Did you also get the same error?

— Reply to this email directly or view it on GitHub.

Mosquito00 commented 8 years ago

It is a regression problem...

set.seed(40) library(caret) library(devtools) library(caretEnsemble)

library(mlbench) data(BostonHousing2)

X = model.matrix(cmedv~crim+zn+indus+chas+nox+rm+age+dis+ rad+tax+ptratio+b+lstat+lat+lon, BostonHousing2)[,-1] X = data.frame(X) Y = BostonHousing2$cmedv

train = runif(nrow(X)) <= .66 folds=5 repeats=1

myControl = trainControl(method='cv', number = folds, repeats = repeats, classProbs=TRUE, savePredictions=TRUE, index=createMultiFolds(Y[train], k=folds, times=repeats))

PP = c('center', 'scale')

all.models = caretList(X[train,], Y[train], trControl=myControl,methodList=c('gbm', 'blackboost'))
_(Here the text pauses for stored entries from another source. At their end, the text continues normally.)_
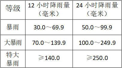 暴雨按累计降雨时间有12小时和24小时两种划分规定,同时在暴雨量级之上还有大暴雨和特大暴雨两个等级。
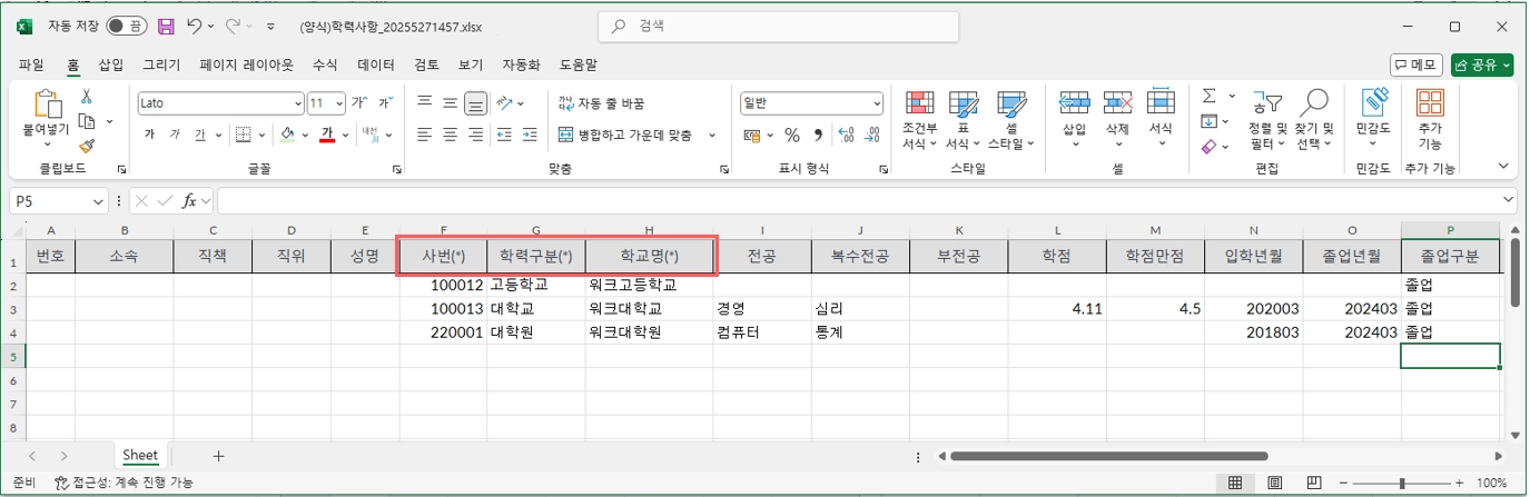 <다운로드한 엑셀에 필수값을 작성하여 완성 후 업로드>
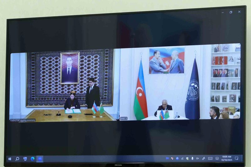 The signing ceremony was held online, with the documents signed by professor Adalat Muradov, rector of UNEC; Ms. Aknabat Atabayeva, rector of the Turkmen State Institute of Economics and Management; and Mr. Bayram Tanryberdiyev, rector of the Turkmen State Institute of Finance.

names(all.models) = sapply(all.models, function(x) x$method)

sort(sapply(all.models, function(x) min(x$results$RMSE)))

greedy = caretEnsemble(all.models, iter=1000L) print(greedy) sort(greedy$weights, decreasing=TRUE) greedy$error

This is my code.. I removed twoClassSummary and it still gives back the same error.

Thank you.

zachmayer commented 8 years ago

Yup, this is a bug. all.models[[1]]$control$savePredictions is "all".

You can downgrade your version of caret, as savePredictions can now be "all", "best" or "none" I think. I'll fix this in the next release of caretEnsemble.
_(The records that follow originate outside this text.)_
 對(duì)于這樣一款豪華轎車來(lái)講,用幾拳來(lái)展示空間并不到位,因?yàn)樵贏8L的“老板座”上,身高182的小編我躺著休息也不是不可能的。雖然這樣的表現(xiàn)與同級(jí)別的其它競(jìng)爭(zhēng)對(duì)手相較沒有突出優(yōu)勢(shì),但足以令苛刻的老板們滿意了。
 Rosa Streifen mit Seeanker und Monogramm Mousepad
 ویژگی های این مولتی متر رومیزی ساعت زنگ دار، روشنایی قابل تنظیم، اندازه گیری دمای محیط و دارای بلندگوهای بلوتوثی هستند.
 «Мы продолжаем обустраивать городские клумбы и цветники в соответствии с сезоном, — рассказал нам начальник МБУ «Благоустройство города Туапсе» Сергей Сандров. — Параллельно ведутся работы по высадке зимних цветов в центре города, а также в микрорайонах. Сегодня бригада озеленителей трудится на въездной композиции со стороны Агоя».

zachmayer commented 8 years ago

Fix here: https://github.com/zachmayer/caretEnsemble/pull/181

Mosquito00 commented 8 years ago

Thank you for your answer.

As I am new in R, I do not know how to downgrade the version of caret. Do you have any suggestions?

Mabe there is another possibility to perform a stacked regression? Do you incidentally know another package for stacked regression? Or a possibility how to optimize the weights in a stacked regression?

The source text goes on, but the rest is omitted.